Information supplied:

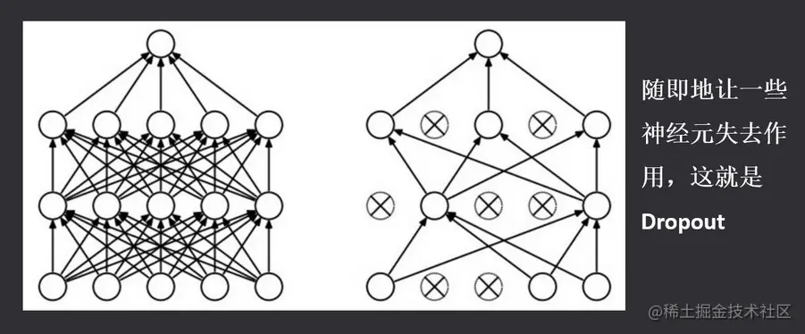 Dropout是Google提出的一种正则化技术,用以在人工神经网络中对抗过拟合。Dropout有效的原因,是它能够避免在训练数据上产生复杂的相互适应。Dropout这个术语代指在神经网络中丢弃部分神经元(包括隐藏神经元和可见神经元)。在训练阶段,dropout使得每次只有部分网络结构得到更新,因而是一种高效的神经网络模型平均化的方法。
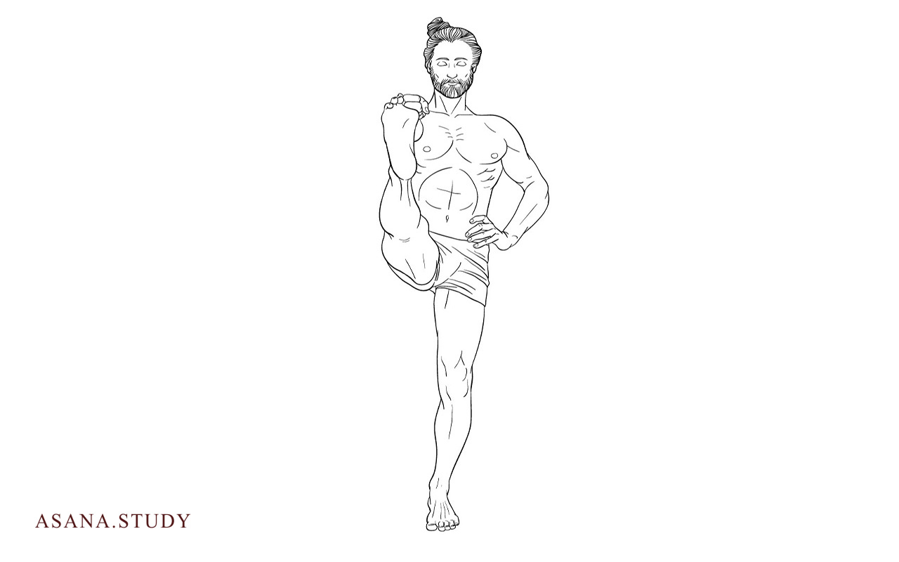 Перевод с санскрита: «Поза вытяжения с рукой, (захватывающей) за палец стопы»
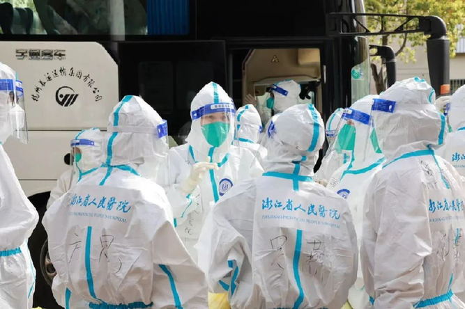 ????8點剛過,4輛掛著“浙江省援滬醫(yī)療隊”標(biāo)牌的大巴駛?cè)牒鐦蜴?zhèn),100名來自杭州市中醫(yī)院的醫(yī)護(hù)人員隨車來到閔行,將進(jìn)入虹橋各社區(qū)開展工作。
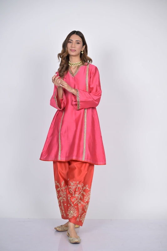 Pink and Coral Embroidered Kurta Set with Dupatta
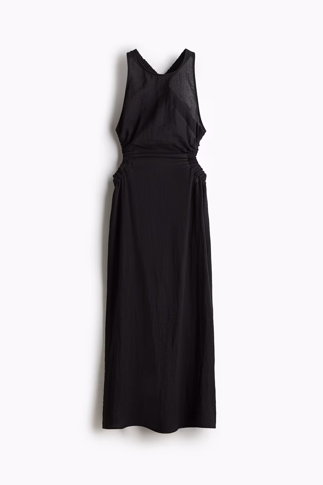 Calf-length dress in an airy, woven viscose blend. Wide, elasticized shoulder straps crossed at back, round neckline at front, and an open back. Cutouts at sides with covered elastic around edges that form gathers at front and back. Unlined.
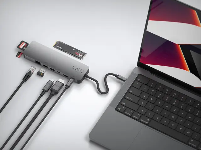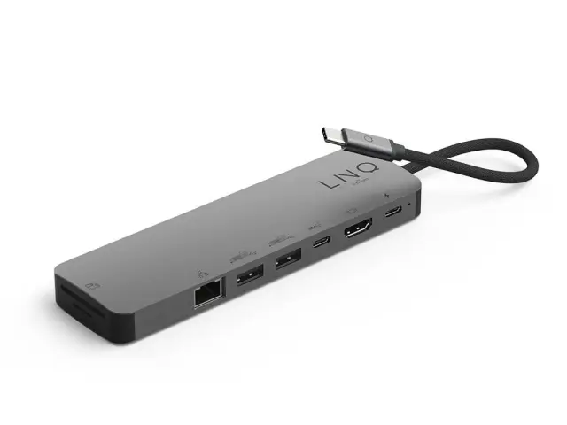 LINQ 9 v 1, USB-C, M.2 SSD, RJ45, SD+TF, HDMI, USB-C 3.2 Gen2, USB-C PD 100W, 2x USB-A Priključna postaja
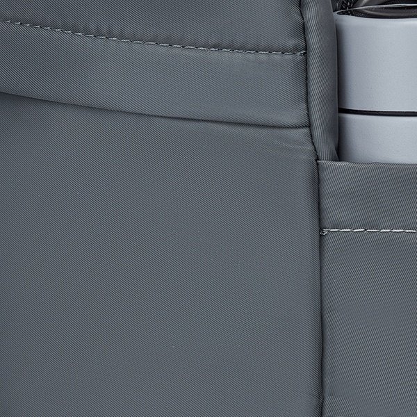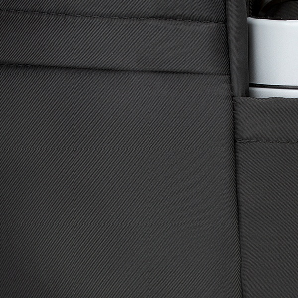 - Features multiple pockets: two hidden front zipper pockets and side water bottle pockets
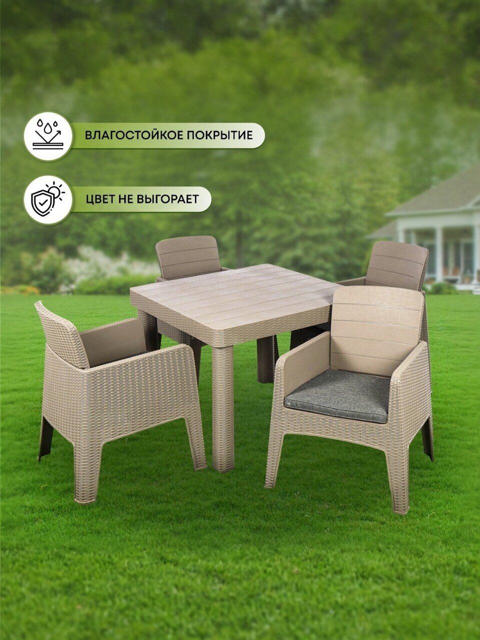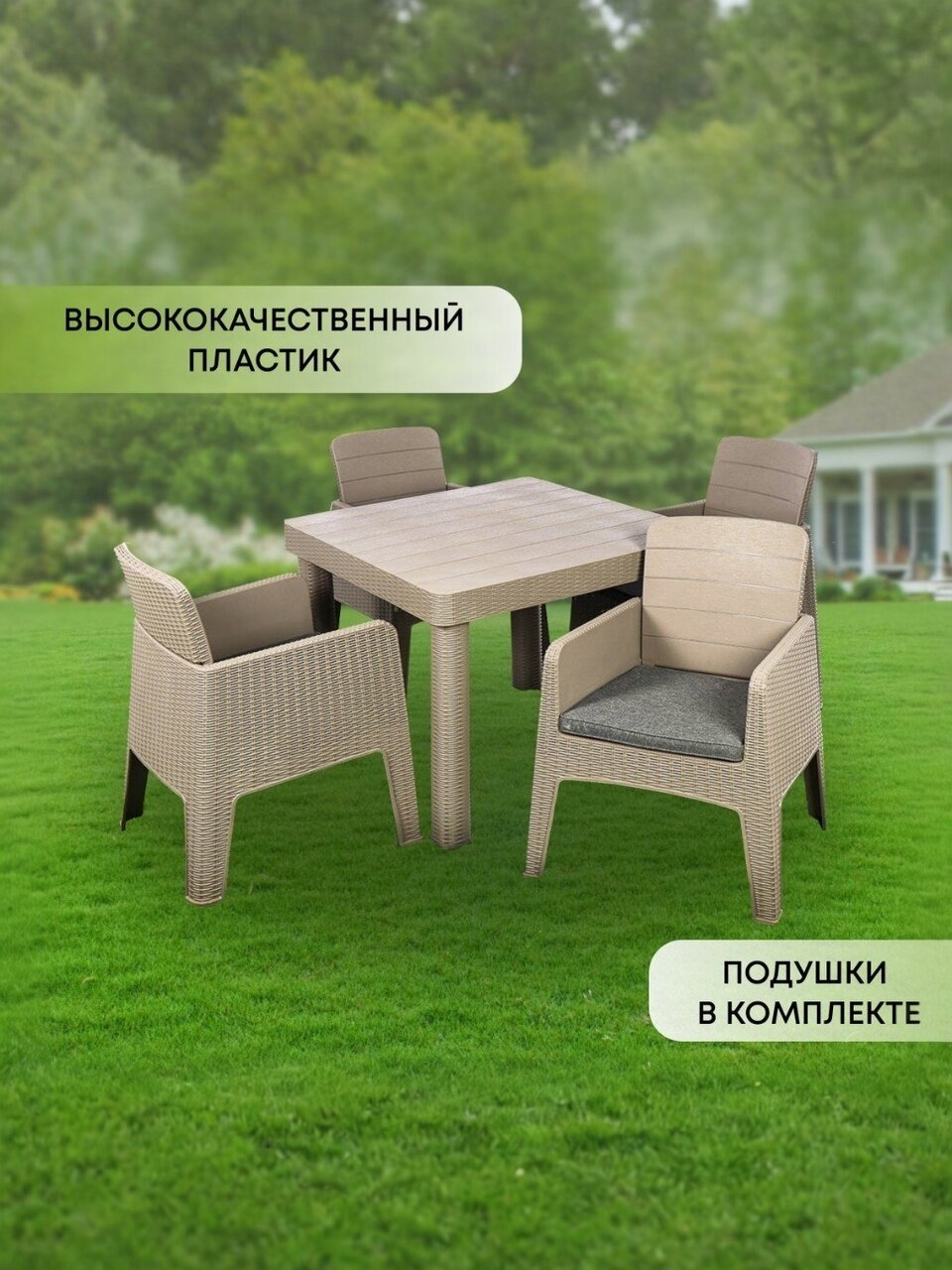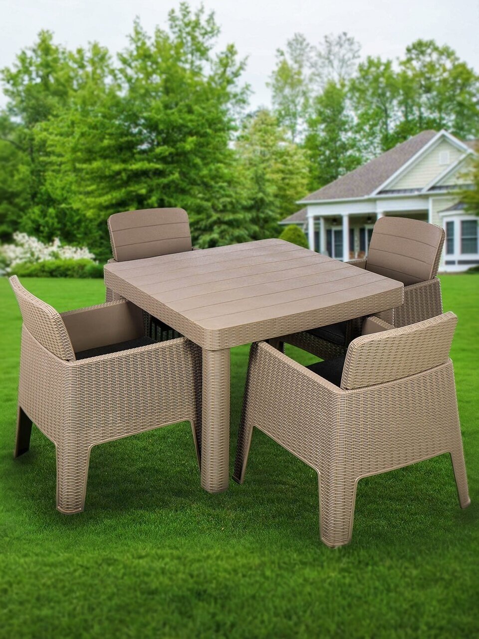 Вы можете приобрести «Мебель садовая Green Days, кофе с молоком, стол, 90х90х76 см, 4 кресла, подушка, 150 кг, 250+008-lght coff» и другие товары в нашем интернет-магазине в Курске по низким ценам и с бесплатным самовывозом.
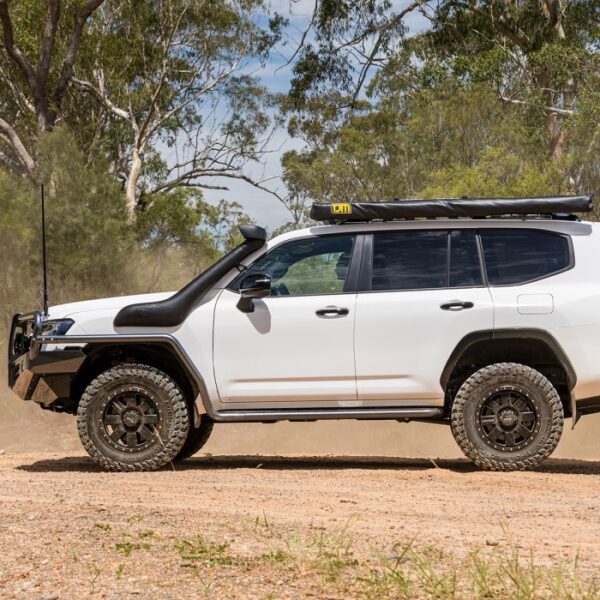 TJM’s modular range of side protection steps offer easy access and lower side protection for your Toyota LandCruiser 300 Series. When combined with side bars your Toyota will have excellent wheel arch, flare, sill and panel protection. Designed to work in conjunction with the frontal protection systems of a bull bar and prevents air bag deployment for softer collisions. Our modular design gives you the option to install side steps first, then add side bars later.
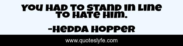 This page presents the quote "You had to stand in line to hate him.". Author of this quote is Hedda Hopper. This quote is about hatred, humor, hollywood,.
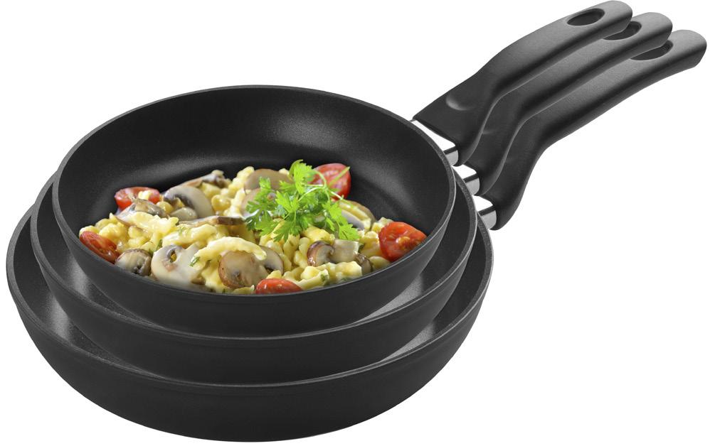 Praktisches PFANNEN-SET, 3-tlg., Aluminium, für alle Herdarten geeignet, außer Induktion, best. aus: 1x Ø 20 cm, 1x Ø 24 cm und 1x Ø 28 cm.
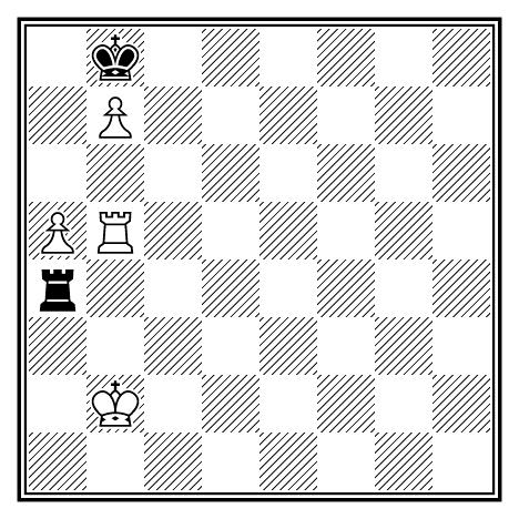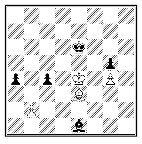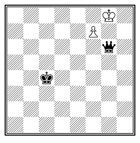 Белые: Крg7, п.h7; черные: Фg5, Крd4. Белые делают ничью, хотя бы ходом Крg7—h8, после чего черным, если они желают играть на выигрыш, ничего не остается, как освободить белого короля из патового положения, после чего король открывает вновь дорогу пешке. Правда, если черный король стоит ближе, например, на e5, то выигрыш достигается следующим образом:

Task item: Please copy out from the data above, without any picture, exactly the lines running from the one that holds "LINQ 9 v 1, USB-C, M.2" through the one that holds "- Features multiple", and nothing beyond them.

Completed task:
 LINQ 9 v 1, USB-C, M.2 SSD, RJ45, SD+TF, HDMI, USB-C 3.2 Gen2, USB-C PD 100W, 2x USB-A Priključna postaja
 - Features multiple pockets: two hidden front zipper pockets and side water bottle pockets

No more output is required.